C’était vraiment intéressant cela », Sabine, l.165). Au final, il ressort que l’enrichissement du profil professionnel se fait grâce à une confrontation progressive tant à des savoirs nouveaux qu’à des situations réelles.

5.1.2.4. Quatrième type de rapport avec la formation : un continuum entre formation et pratique

Quatrièmement, même si l’entrée dans le monde de la pratique pose le sujet dans une situation déstabilisante et demande l’apprentissage de plusieurs compétences que le débutant ne dispose pas encore, ce passage-là est vu comme un véritable continuum qui mène à la concrétisation des savoirs déjà acquis en théorie. Dans cette perspective, il n’y a pas de rupture entre le parcours de formation et celui professionnel, mais l’un est la suite de l’autre : plus particulièrement, l’un permet d’expliquer et de donner du sens à l’autre. Dans ce sens, Marlise s’exprime par rapport à ces deux parcours de la manière suivante :

« Plutôt que différente c’est que pendant qu’on étudie et qu’on lit les pathologies, en réalité on ne se rend pas vraiment compte de qu’est-ce que c’est et de comment c’est vraiment dans la réalité. Mais cela ne veut pas dire que ce sont deux réalités complètement parallèles qui ne se croisent jamais » (Marlise, ll.73-75)

Ainsi, si d’une part Marlise affirme s’être sentie perdue à l’entrée dans le métier à cause d’une divergence entre la réalité académique et la réalité tessinoise du soutien pédagogique - décalage qui s’est par la suite réduit grâce à l’habilitation (« L’habilitation/, disons que ça m’a aidée à [!]

compléter ma formation, car d’abord elle se fait au Tessin. Donc, on parlait de la réalité tessinoise », Marlise, ll.390-392) -, elle souligne d’autre part l’utilité d’avoir suivi son Master en parallèle à l’entrée dans la profession, ce qui a favorisé le transfert immédiat des connaissances théoriques dans la pratique (« C’est comme si j’étais en train de suivre une formation avec la possibilité de la l’actualiser », Marlise, l.375). Elle parle alors d’une construction progressive du parcours et d’une mise en commun des différents éléments tant théoriques que pratiques (« C’est ainsi que là on construit petit à petit son parcours et on commence à mettre ensemble les morceaux », Marlise, ll.79-80).

Dans ce cas, la particularité réside dans la juxtaposition du Master et du début de la carrière en tant que DSP, ce qui est susceptible donner du sens à la sensation de continuité perçue entre le parcours de formation et le parcours professionnel.

Par ailleurs, Linde décrit la formation comme le socle qui a modélisé sa façon de penser, une sorte de cadrage sur lequel repose par la suite toute action professionnelle (« [le parcours universitaire]

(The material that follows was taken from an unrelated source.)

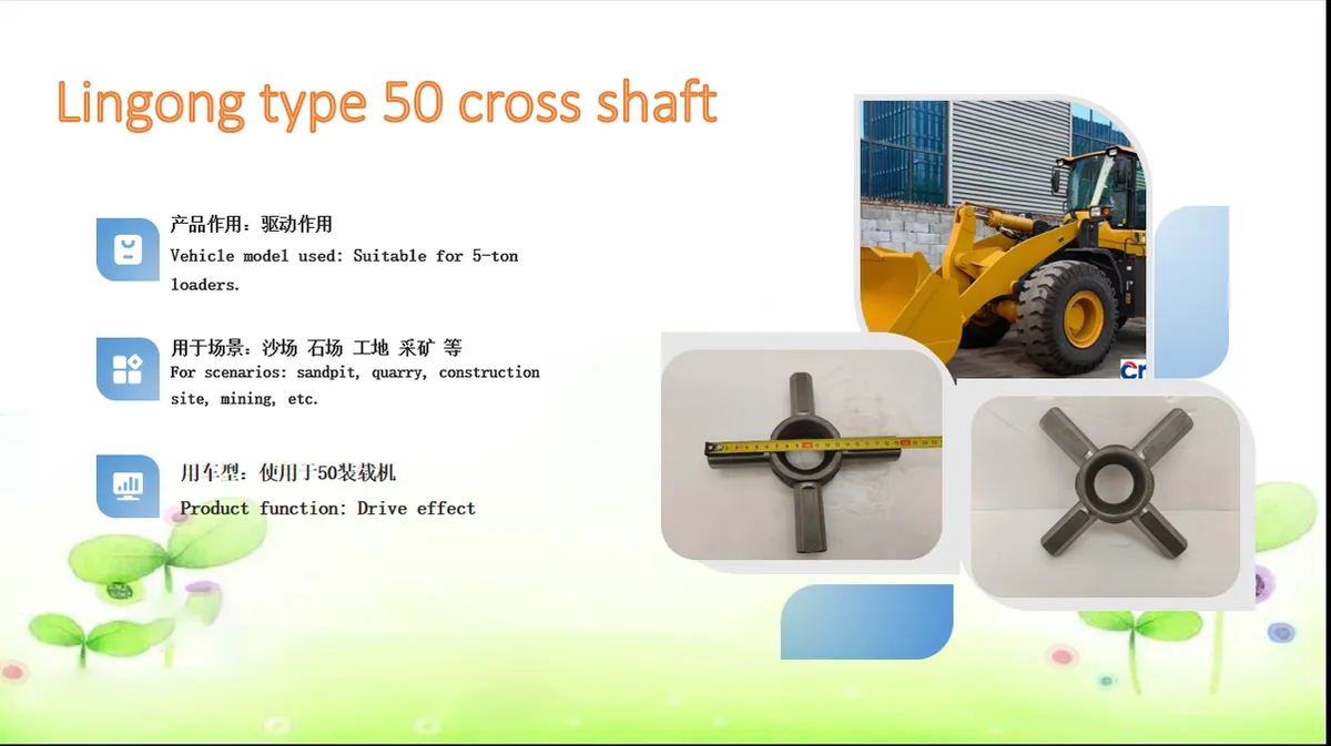 The Loader Lingong type 50 cross shaft is a crucial component for efficient drive systems, ensuring optimal performance, durability, and reliability in heavy machinery operations. Ideal for enhancing loader functionality.

Il est très important et il te transforme au niveau de pensée. Au moins, en psychologie on se crée une pensée grâce aux études suivis », Linde, ll.143-144). À la lumière de ces considérations, il ressort que la formation prépare, forme et guide l’action professionnelle (« Donc, à mon avis, pour la lecture des situations, le parler.. avec les enseignants, la récolte des informations de la part des parents, l’arrière-plan dont j’avais parlé c’était important », Linde, ll.159-160 ; « lorsqu’on entre dans le monde du travail, en fonction du type de profession mais dans tous les domaines auxquels on peut accéder en général avec une telle formation/, cet arrière-fond te GUIDE dans ta manière d’agir et de travailler », Linde, ll.146-148).